[ACTIVITY] If a line of the data below contains the string "gold", copy it into your answer.

[EXTRACTED RECORDS]
★ ★ ★ ★
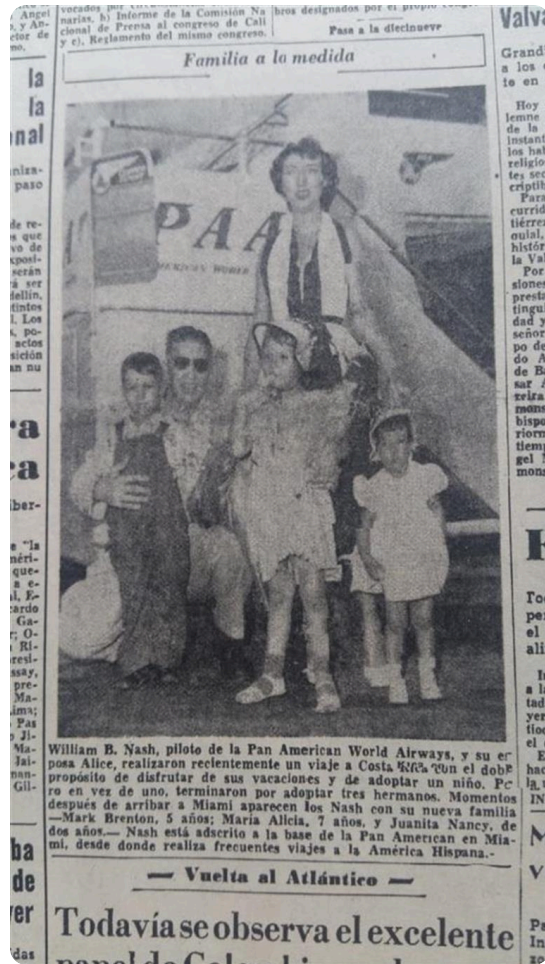
publicado el 24 de octubre de 1954 El Colombiano Medellin Colombia
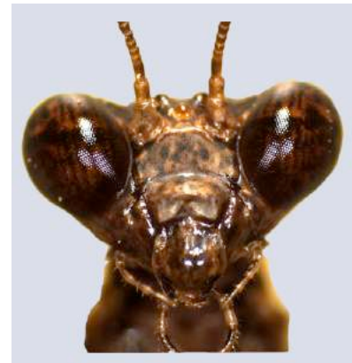
Image 10. Elmantis trincomaliae Head - frontal view
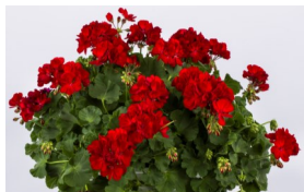
Red (item #13)
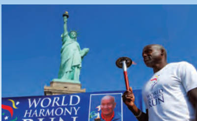
Nine-time Olympic gold medalist Carl Lewis lights the torch at the Statue of Liberty.
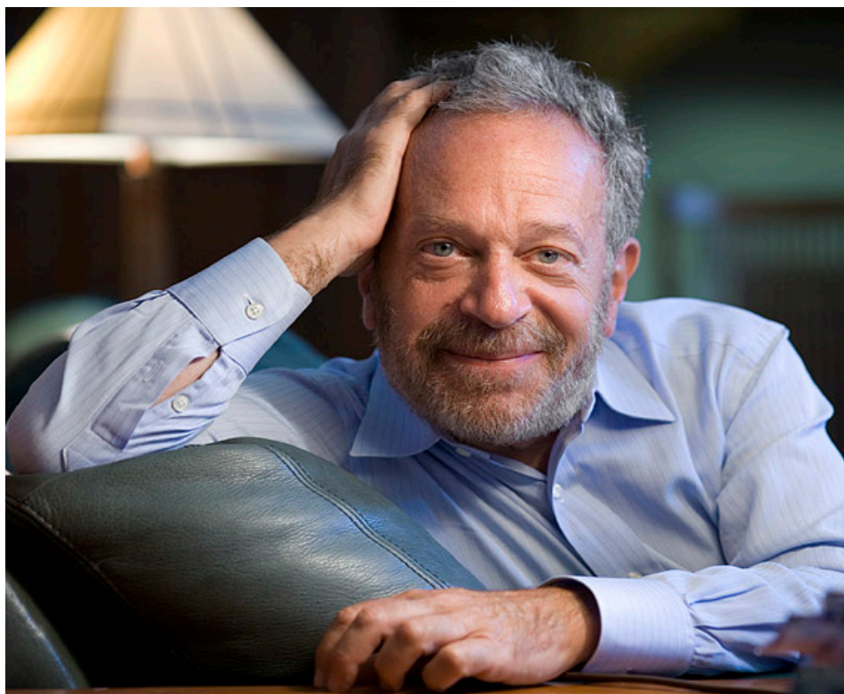
Robert Reich the nation's 22nd Secretary of Labor and professor at the University of California at Berkeley.

The dirty little secret under the hood is that less than 4 percent of the variation in the cost of current health-care plans has to do with how many benefits they provide. Most plans that cost more do so because (1) a particular set of employees is older and tends to get sicker than
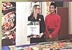
Participants at the exhibit opening look through information on Malaysia and its culture.
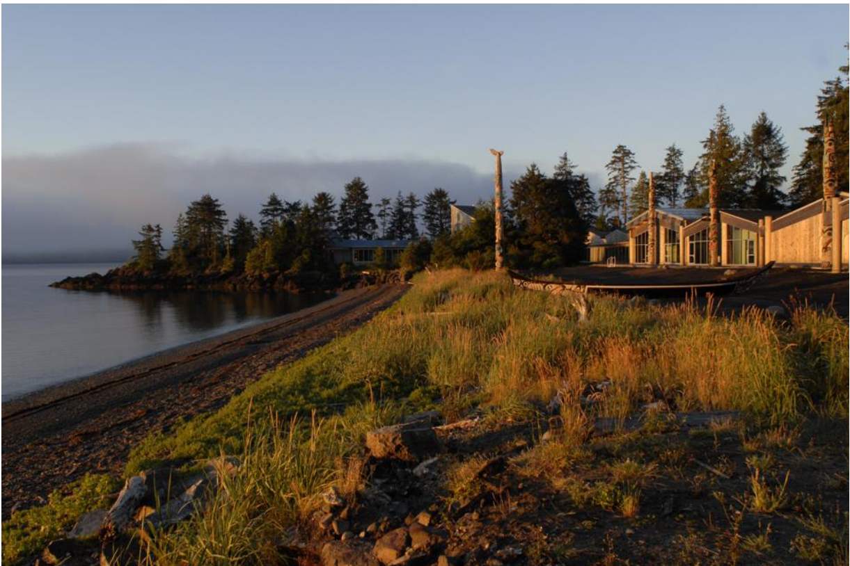
Gwaii Haanas Expedition
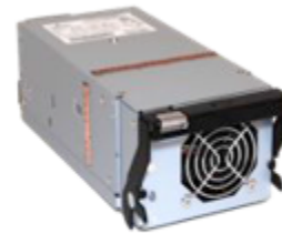
Arista 7500 Series Power Supply

The 7500E series switches are equipped with four 2900W AC power supplies. The power supplies are 2+2 grid redundant and hot-swappable. The power supplies are gold climate saver rated and have an efficiency of over 90% with single stage conversion to the internal 12V DC voltage.
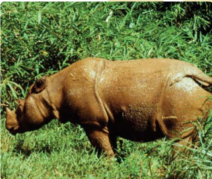
Sumatran rhinoceros.

7. Throughout all rhino habitats, WWF and TRAFFIC monitor the illegal trade in rhino horn, fund anti-poaching patrols, and support intelligence networks in strategic locations to prevent over-exploitation of rhinos for international trade. Work is also ongoing with practitioners of traditional Asian medicine to find and promote alternatives to rhino horn.
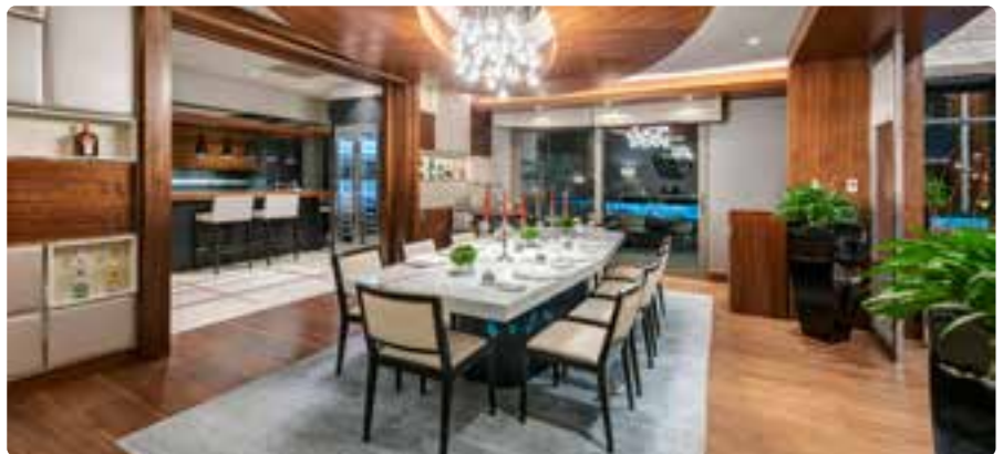
Kitchen & Dining Area
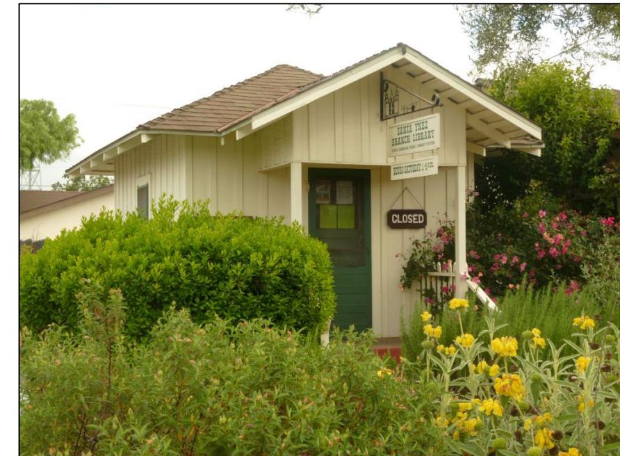
Santa Ynez Library
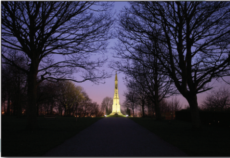
Cholera Monument Grounds
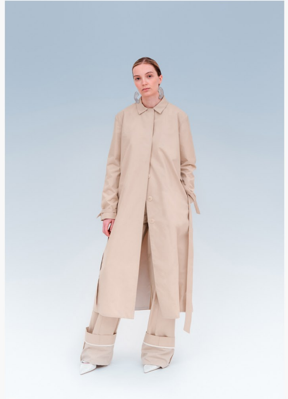
LOOK 2 — TRENCHCOAT SUIT. TRADITIONAL WOOLEN SHAWL IS WORN OVER THE 'WREATH' HEAD ACCESSORY.
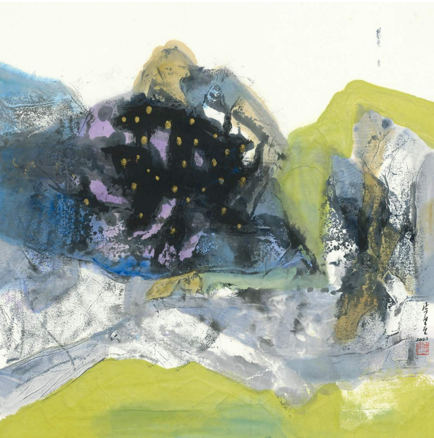
LEE Chung-Chung Back to Nature, 2021 Ink and color on paper 69×68.5cm 90×90×5.5cm (with frame)
★ ★ ★ ★
[REPLY]
Nine-time Olympic gold medalist Carl Lewis lights the torch at the Statue of Liberty.
The 7500E series switches are equipped with four 2900W AC power supplies. The power supplies are 2+2 grid redundant and hot-swappable. The power supplies are gold climate saver rated and have an efficiency of over 90% with single stage conversion to the internal 12V DC voltage.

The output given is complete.